Things to Do

A New DC Escape Room Called Beat the Bomb Has a Messy Twist

It opens in Ivy City today. Don't worry: Protective suits are provided.

Photograph courtesy of Beat The Bomb.

If you ever secretly wished to be slimed on Nickelodeon as a kid, Beat the Bomb—an immersive team game that opens today in Ivy City—might be right up your alley. 

Here’s how Beat the Bomb’s hourlong missions work: A team of four to six players dresses up in protective suits and passes through four rooms—each featuring a different game. You might be solving interactive computer riddles together in one room, while evading red spy-like lasers in another. The better your team does in each room, the more time you’ll have to disarm what’s touted as the world’s largest paint bomb—an explosion of fluorescent paints—in the fifth and final room.

Photograph by Anthony Cunanan.

Only a small percentage of teams actually beat the bomb, according to Alex Patterson, who created the game and has opened prior Beat the Bomb outposts in Atlanta and New York. Should you be among them, your team will enter the Pro League, which comes with extra perks like swag, discounts, and invitations to tournaments where you can compete for money. (Oh, and don’t worry, even if your team beats the bomb, you can still opt to be blasted with the paint.)

An attorney by trade, Patterson founded the game in Brooklyn in 2017 after working for Tough Mudder—a popular mud run with immersive obstacles, which he helped design. “The best obstacles were the ones that made people work together,” he says.

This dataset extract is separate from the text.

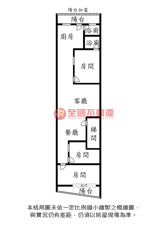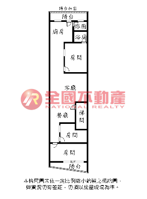 ※本格局圖係未依實際比例繪製之概繪圖。其比例、座向、格局、形狀等,仍須以房屋現場為準。
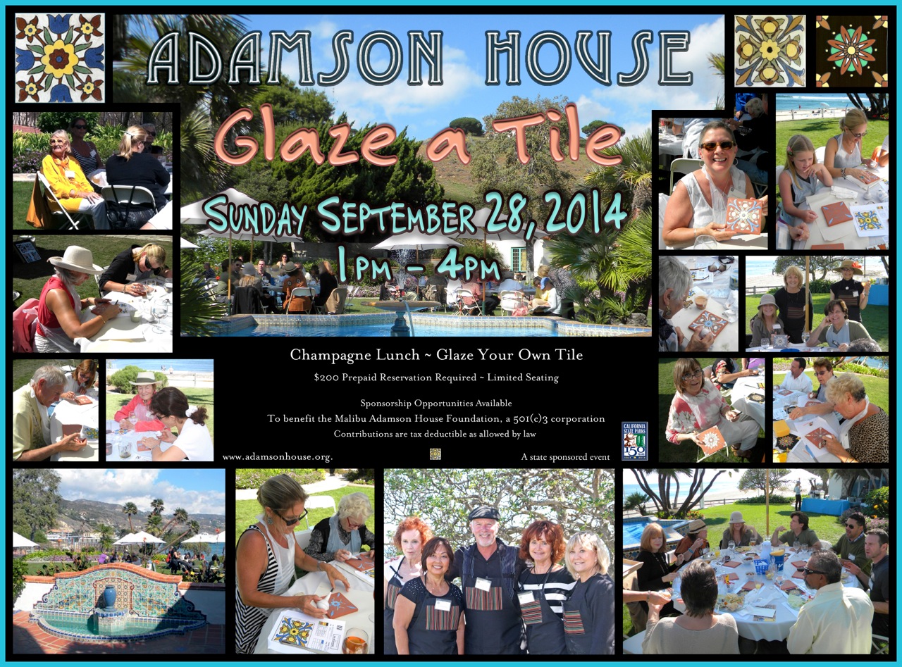 For those of you, like me, who cherish the Adamson House in Malibu as a beautiful example of Spanish Colonial Revival architecture and for its gorgeous tile work, you don’t want to miss “Glaze a Tile” fundraiser this Sunday, Sept. 28.

That made him want to create a new immersive game that was almost entirely collaborative and required participation from every person on the team in order to win. 

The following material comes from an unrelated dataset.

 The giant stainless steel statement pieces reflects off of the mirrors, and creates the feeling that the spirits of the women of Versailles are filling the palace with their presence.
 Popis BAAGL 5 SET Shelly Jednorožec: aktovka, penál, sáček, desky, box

While Patterson liked the idea of escape rooms, he thought they needed a fun penalty to feel more high-stakes. “If you don’t figure out an escape room, they just let you out,” said Patterson. “There needs to be a fun penalty.” Hence the birth of the Bomb, a timed (and, in case it needs to be said, harmless) explosion that adds some adrenaline to the experience.

Photograph by Marcus Ingram.

Like its other two locations, DC’s Beat the Bomb features two Mission Impossible-style challenges, each with different set of games and a different bomb at the end. While one ends in colorful fluorescent paint, the other ends in an explosion of soapy foam.

Games can also be adjusted according to age—meaning kids can have a chance at cracking the code too—as well as difficulty. If your team does really well one round, the system can increase the difficulty next time you return, says Patterson.

Additionally, because the games are digitally based, Beat the Bomb can also swap out new games for each team, depending on which ones the players have completed in the past. “I thought, ‘If we made the games digital, it would be like going from a board game like Monopoly, which will always only be that, to something like Nintendo or Playstation, where the content could constantly change,’ ” says Patterson.

When not participating in one of the hourlong bomb missions, you and your friends can also play games in one of the arcade bays, which are equipped with a library of competitive video games. And the 10,300-square-foot venue also has a full bar featuring spiked slushees and arcade-style snacks, such as pizza, nachos, and hot dogs.

Gaming bays can be rented for $15 per hour and missions start at $45 a person.

Photograph courtesy of Beat The Bomb.